Description of the task >> Pictures must not appear in the copy. Set down exactly the line with "В этот раз расположился" and each line after it through the end of the data below.
::: Data supplied
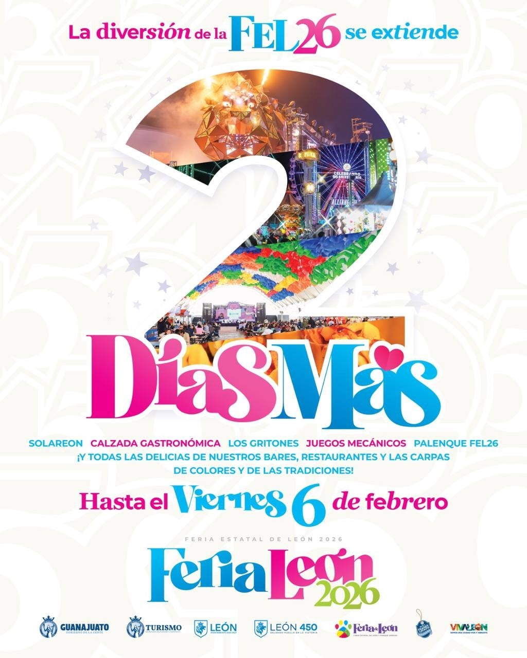 León, Gto.- La Feria de León 2026 suma dos días más de diversión y el cierre del evento se aplazará hasta el 6 de febrero.
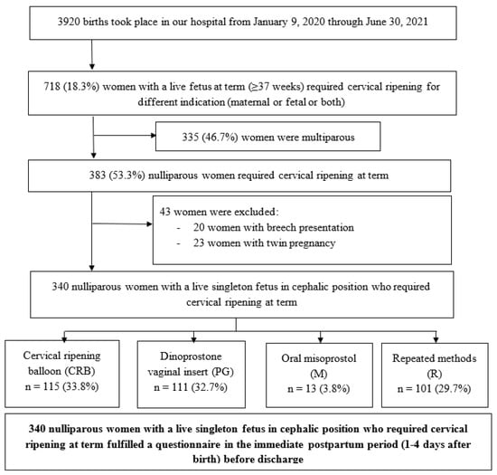 During the study period, 3920 births and 502 cesarean deliveries (12.8%) were recorded in our tertiary public hospital, and 718 women (18.3%) with a live fetus at term required cervical ripening for different indications (maternal or fetal or both) in our hospital. Among these women, 340 were nulliparous women and were finally included in this study (Figure 1).
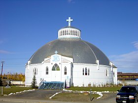 steht dann die Inuvik-Church, einem Igloo nachempfundenen Gotteshaus.
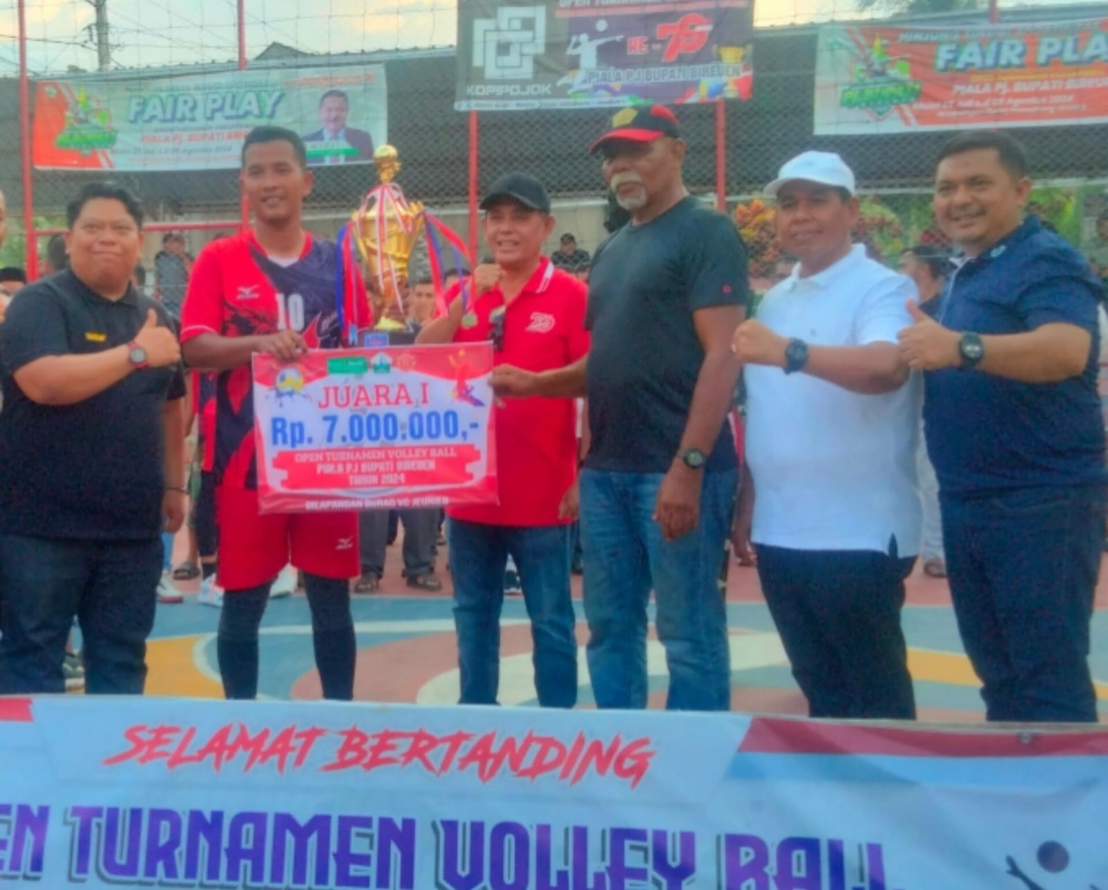 Tim Voli Peusangan VC kembali meraih kemenangan dengan mengalahkan lawannya Pandrah VC dengan skor akhir 3:1, pada laga final turnamen Bola Voli Piala Bupati Bireuen dalam rangka menyambut HUT RI ke-79 Kamis, (08/08/2024) yang berlangsung dilapangan Burak Teureubang, Gampong Janggot Seungko, Kecamatan Jeunieb Kabupaten Bireuen.
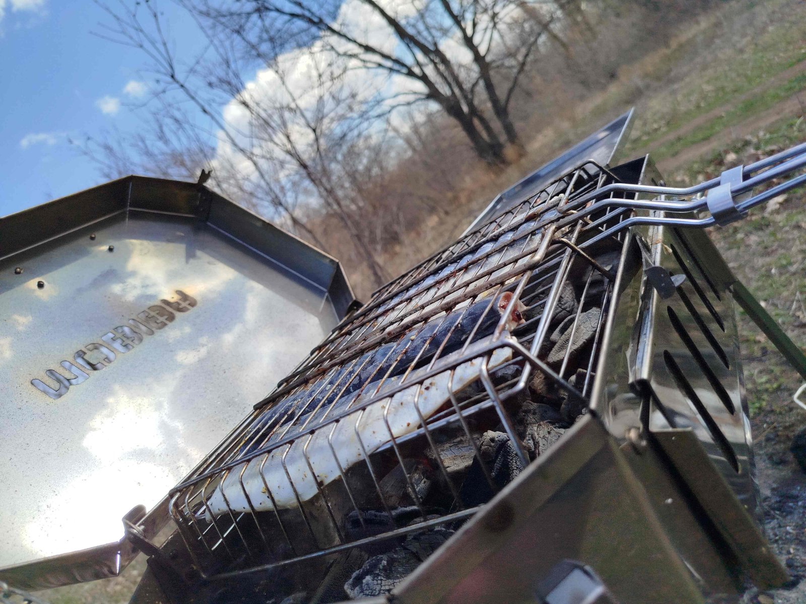 В этот раз расположился чуть в строне, неспеша распаковал, установил, разжег угли и сел просто покайфовать рядом, эстетика изделия выше всяких похвал!
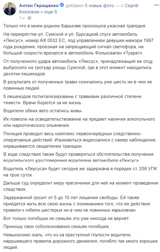 "От полученного удара автомобиль «Лексус», принадлежащий ее отцу, выбросило на тротуар улицы Сумской, где в этот момент находились десятки пешеходов. В результате от полученных травм скончались уже шесть ни в чем не повинных людей. 5 пешеходов госпитализированы с травмами различной степени тяжести. Врачи борются за их жизнь. Водители обеих авто остались живы. Их повезли на освидетельствование на предмет наличия алкогольного или наркотического опьянения", пишет Геращенко.
::::::
Written answer >>
 В этот раз расположился чуть в строне, неспеша распаковал, установил, разжег угли и сел просто покайфовать рядом, эстетика изделия выше всяких похвал!
 "От полученного удара автомобиль «Лексус», принадлежащий ее отцу, выбросило на тротуар улицы Сумской, где в этот момент находились десятки пешеходов. В результате от полученных травм скончались уже шесть ни в чем не повинных людей. 5 пешеходов госпитализированы с травмами различной степени тяжести. Врачи борются за их жизнь. Водители обеих авто остались живы. Их повезли на освидетельствование на предмет наличия алкогольного или наркотического опьянения", пишет Геращенко.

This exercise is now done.